Heather, one of the panelists on the Feminism and Submission panel, with 'Vanna'


She enjoys being seen as attractive.

What. The. Fuck?

As some wise soul (whose name I didn’t catch) pointed out shouldn’t we stop fighting each other and all the debating of whose version of feminism is the most correct or purest, and focus on the folks out there who are really our enemies (like the folks responsible for this right here)?

Anyhoo, moving on…

The Sex and Religion (i.e. Christianity) session, led by Kody Hersh was the last discussion I attended and it was a good one. Kody used scripture from the Bible to highlight the fact that sexuality was often celebrated in the Bible, as well as the fact that Jesus never touched on homosexuality, pre-marital sex or rules guiding relationships.

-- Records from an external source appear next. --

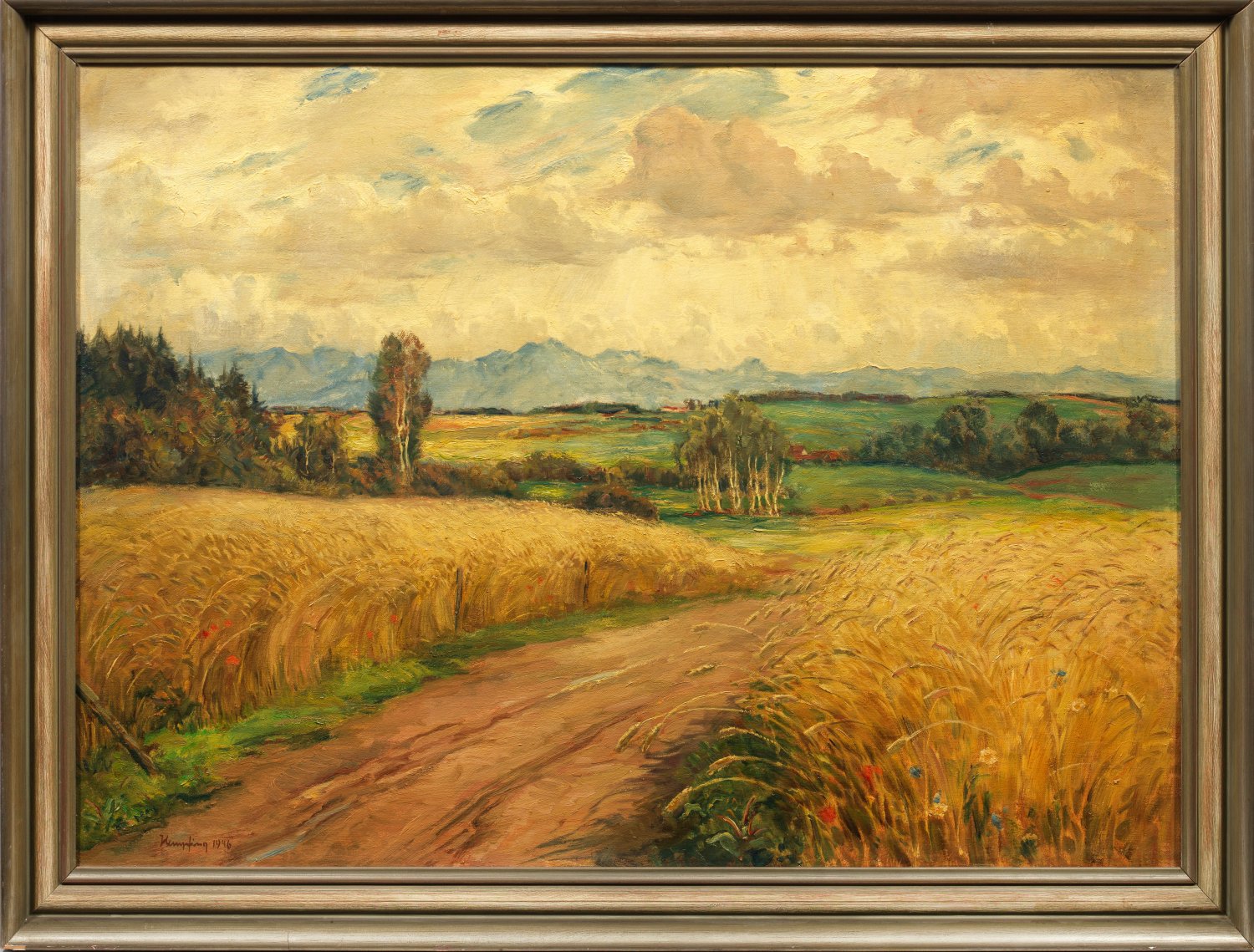 Stimmungslandschaft des Spätimpressionisten, der Meisterschüler an der Karlsruher Kunstakademie bei Friedrich Fehr war. Er unternahm Studienreisen nach Südeuropa (Balkan, Italien, Spanien), Nordafrika, die Bretagne, Dänemark, England und insbesondere an die norddeutschen und ostpreußischen Küsten (Sylt, Samland, Rügen und Usedom). Er zeigte seine Gemälde u. a. im Glaspalast in München, im Künstlerhaus in Wien und auf der Großen Kunstausstellung in Berlin. Öl/Lwd.; L. u. sign. u. dat. 1946. 80 cm x 100 cm. Rahmen.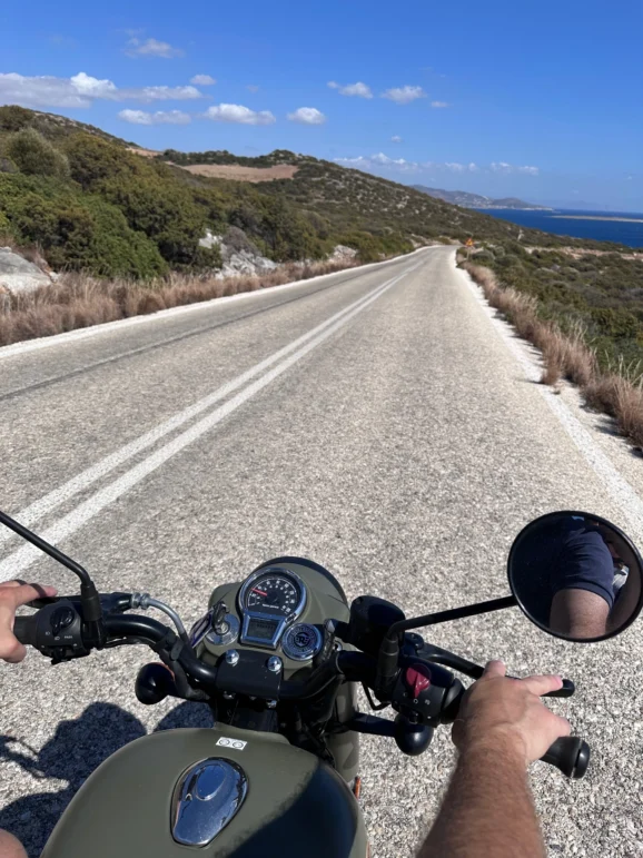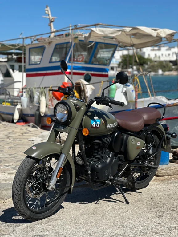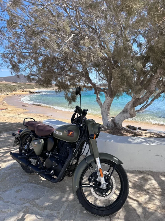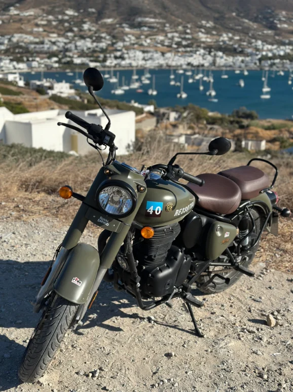 After a week exploring every corner of Paros and Antiparos, I reluctantly returned the bike to Chris at Ride Moto Rental. The Royal Enfield made touring Paros and Antiparos easy and enjoyable. It was comfortable on long days, drew admiring glances, and handled every road we tried. More than that, it was part of the setting. With its military paintwork and echoes of wartime history, it belonged on these islands every bit as much as the fishing boats and the chapels.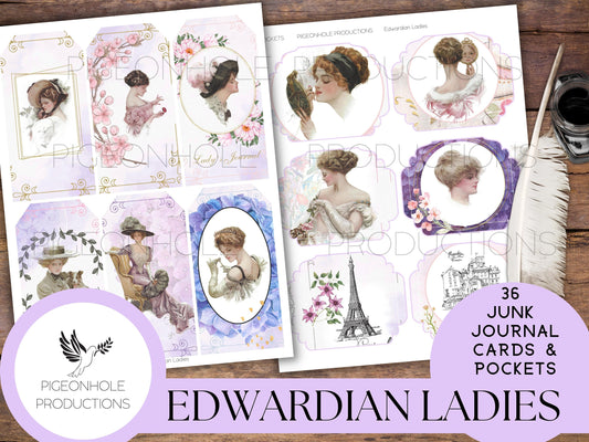 36 Edwardian Ladies Junk Journal Cards & Pockets, PRINTABLE, tribute to Harrison Fisher's illustrations—coordinating journal sold separately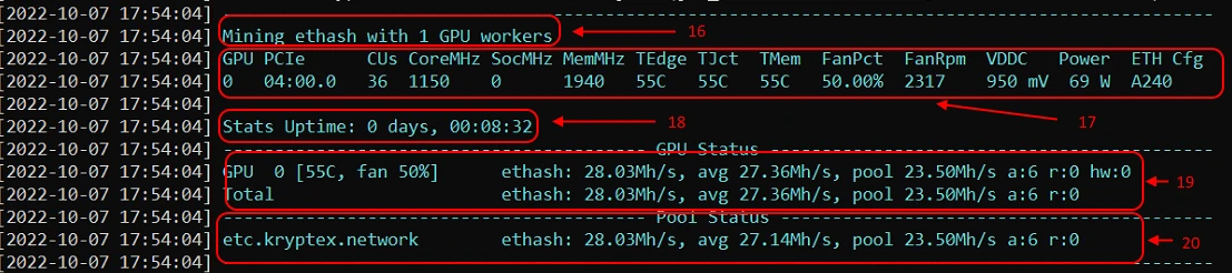 17. Mining summary: Uptime — the time of the current session of uninterrupted mining from its start. What algorithm is being mined, the driver version and the miner version.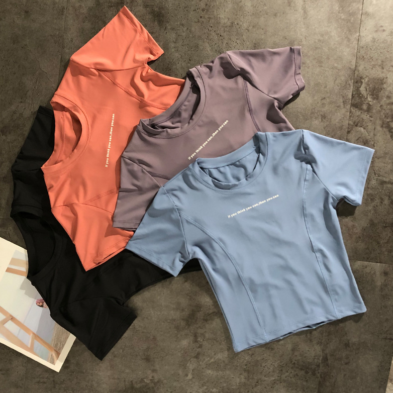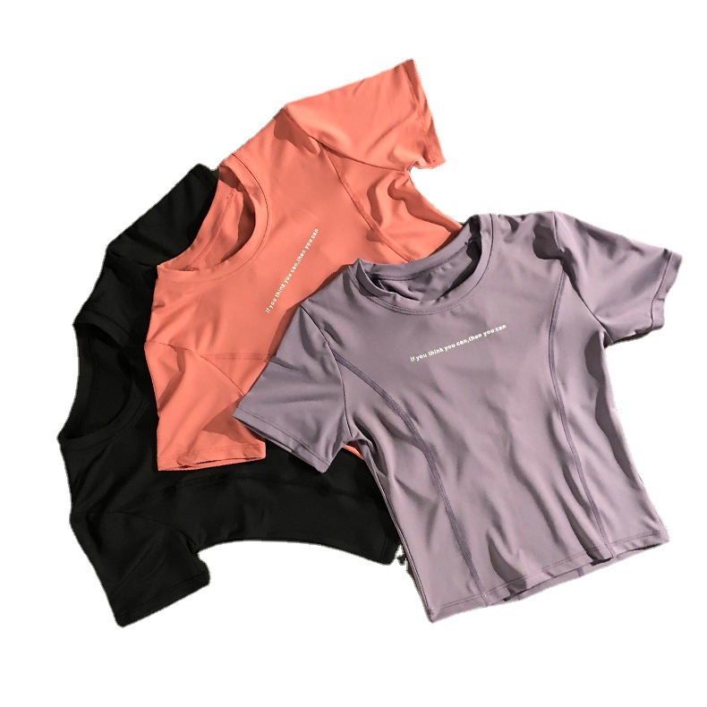 Fitness Wear Short-sleeved Women's Tight-fitting Short Sexy Sports Top Slimming Thin Yoga Wear Short-sleeved Quick-drying T-shirt Summer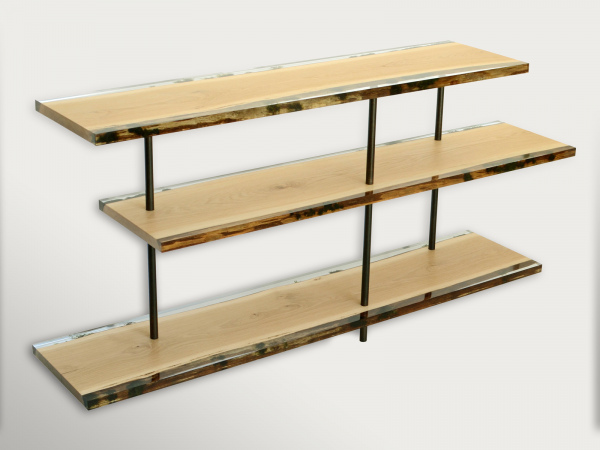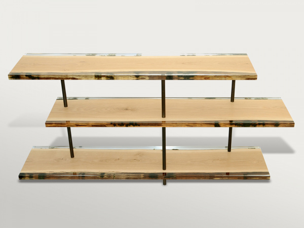 The Woodpile Shelving – made from three mossy planks – is a self-supporting structure looking for utmost essentiality. With its apparently precarious balance, it is a refined dispute between visual instability and actual stability. It is a dizzying challenge to the force of gravity, the expression of a profound aspiration to a transparent, metaphysical lightness, as trees blowing in the breeze.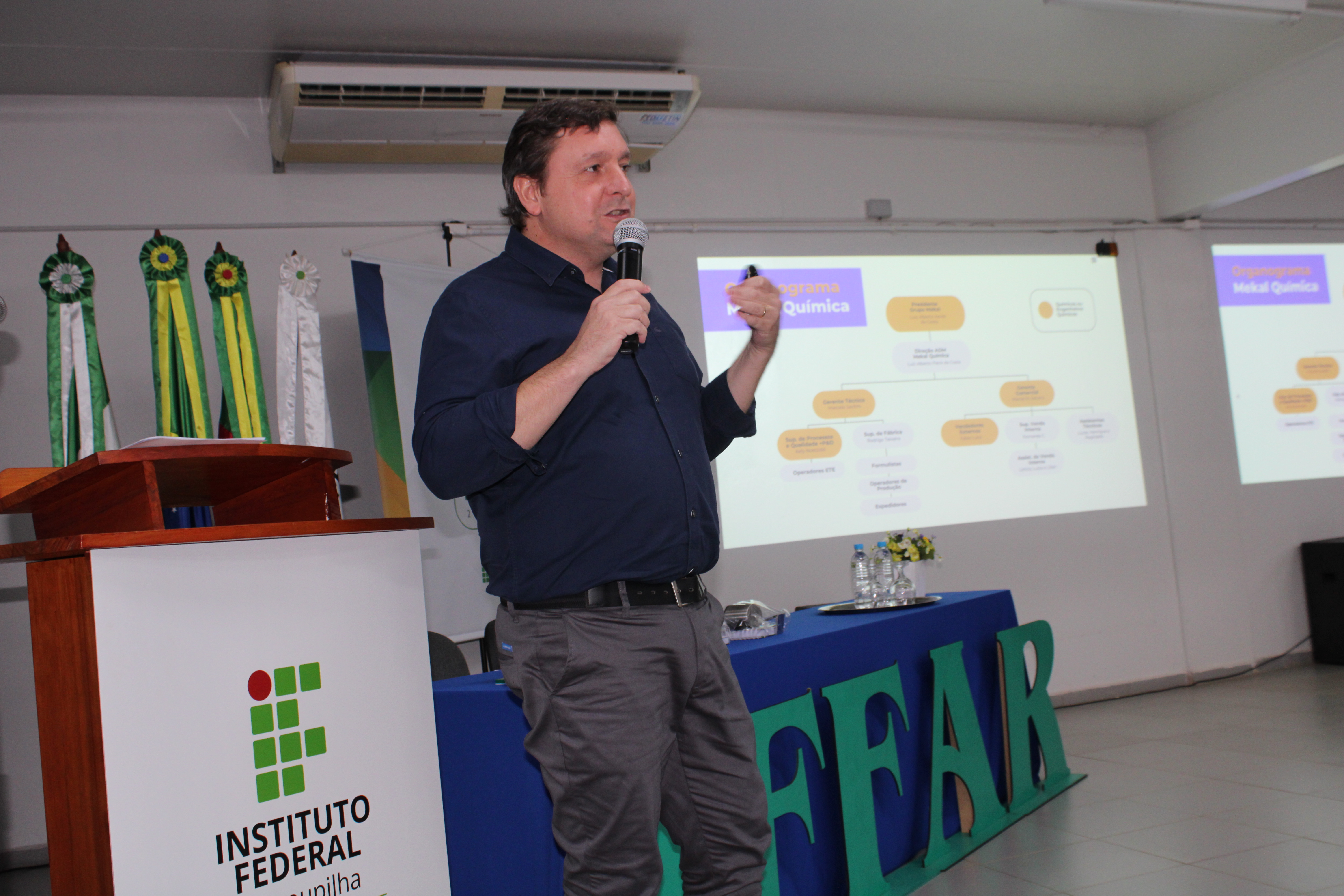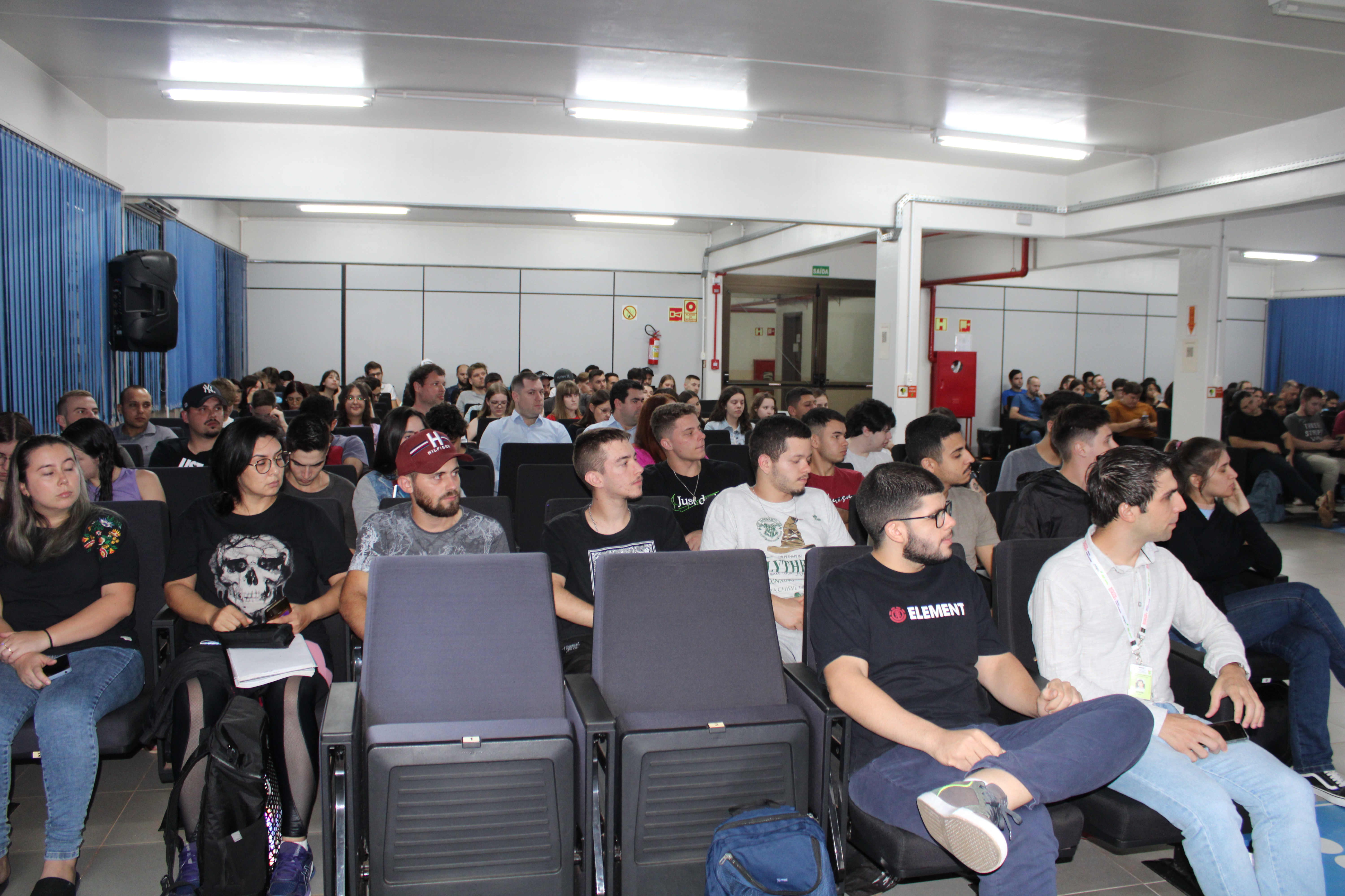 Com o auditório lotado, o público presenciou a fala do Sr. Marcel Manke Selvero, Gerente Comercial da Mekal Química, que abordou “Os desafios e oportunidades da indústria química”; e do Sr. Alejandro Meyer, Gerente de Pesquisa, Desenvolvimento e Inovação da Fockink Indústrias Elétricas, que discorreu sobre "As transformações da indústria, a melhoria contínua dos processos e o papel do/a profissional de Engenharia de Controle e Automação".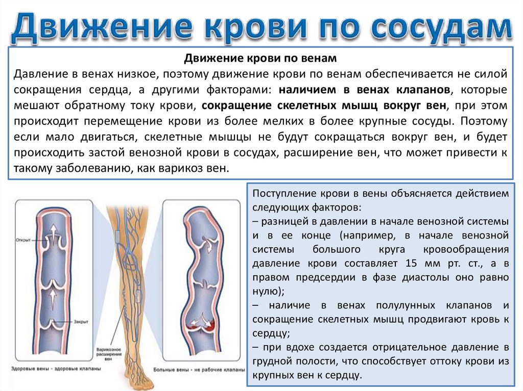 Движение крови по венамДавление в венах низкое, поэтому движение крови по венам обеспечивается не силой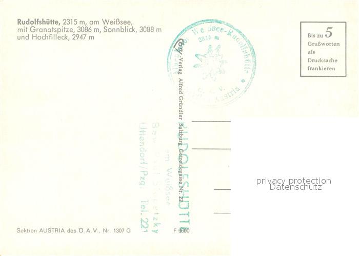 73656064 Rudolfshuette Weisssee mit Granatspitze Sonnblick und Hochfilleck postalisch nicht gelaufen Erhaltung siehe scans [WerneD78] KatCode: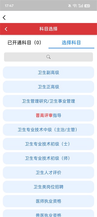 3、进入“职称题库”模块后选择对应考试类型进行刷题训练,通过练习巩固医学知识点并提升备考能力。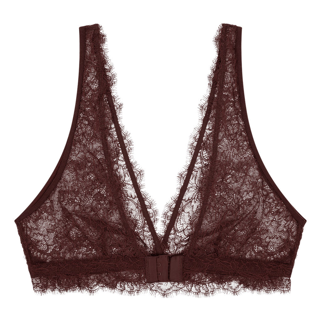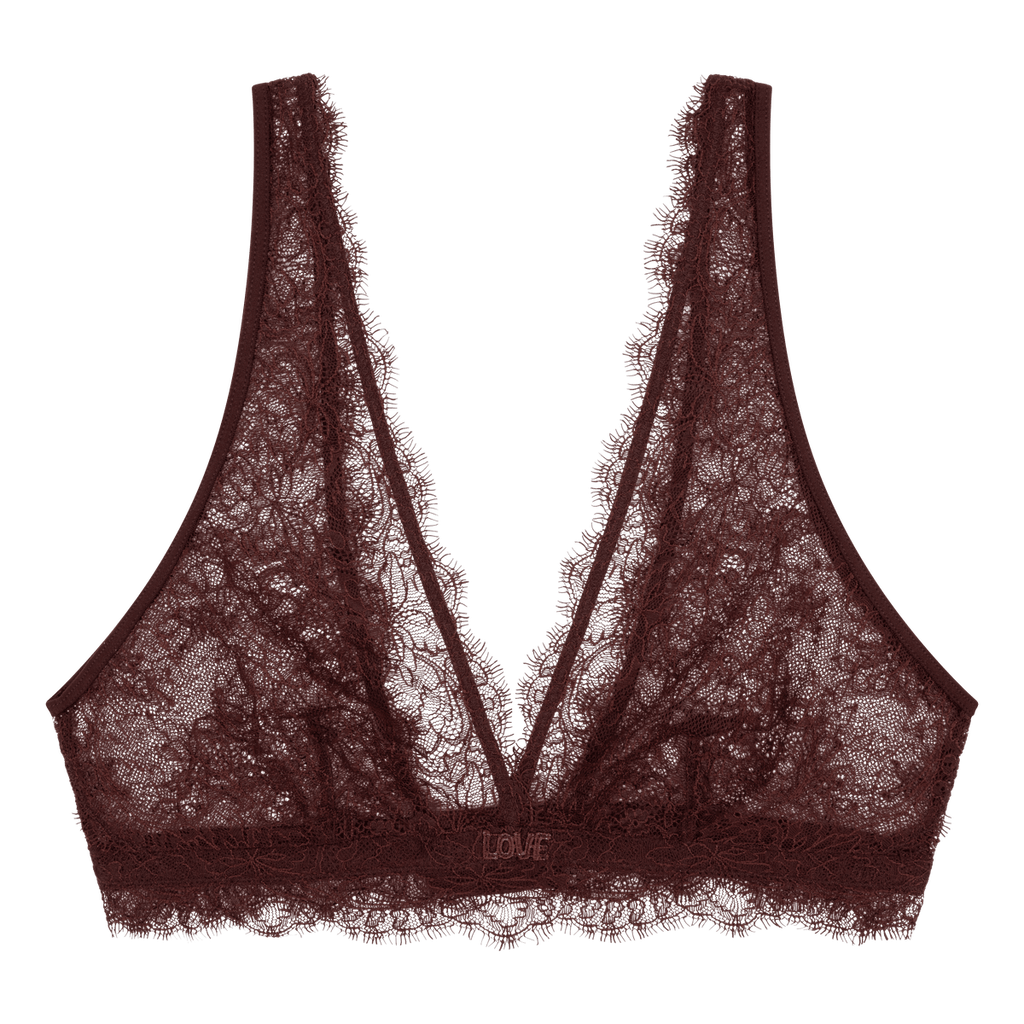 - The bralette is crafted from a delicate lace fabric that feels lightweight against your skin

But the stand out moment for me was when he asked us to partner up to discuss…

What were the positive impacts of religion on sex?

For a more than minute I was completely stumped. In fact, my whole body balked at the notion. The idea that religion could have a positive impact on sex was pretty much unfathomable to me. I had easily rattled off all of religion’s repressive and negative influences on sex moments before, but I had to think long and hard before I came up with something positive.

The experience opened my eyes to my own very biased views about religion. And they were opened even more when at the end of the session another attendee pointed out how refreshing it was to come to a conference about sex and be able to say Jesus without the building catching fire. The exclusion of religion in sex positive spheres had never even crossed my mind. Clearly, I need to participate in such discussions need more often.

Okay, I’m about to wrap this one up, but before I do let me say this…

Based on the great response and overwhelmingly positive feedback it looks like Playground will be happening again next year (HOO-F’IN-RAY!). I plan to be there for sure, and you should too. That is if you’re smart, consider yourself to be even a little bit sex positive, and you like to have loads of F-U-N.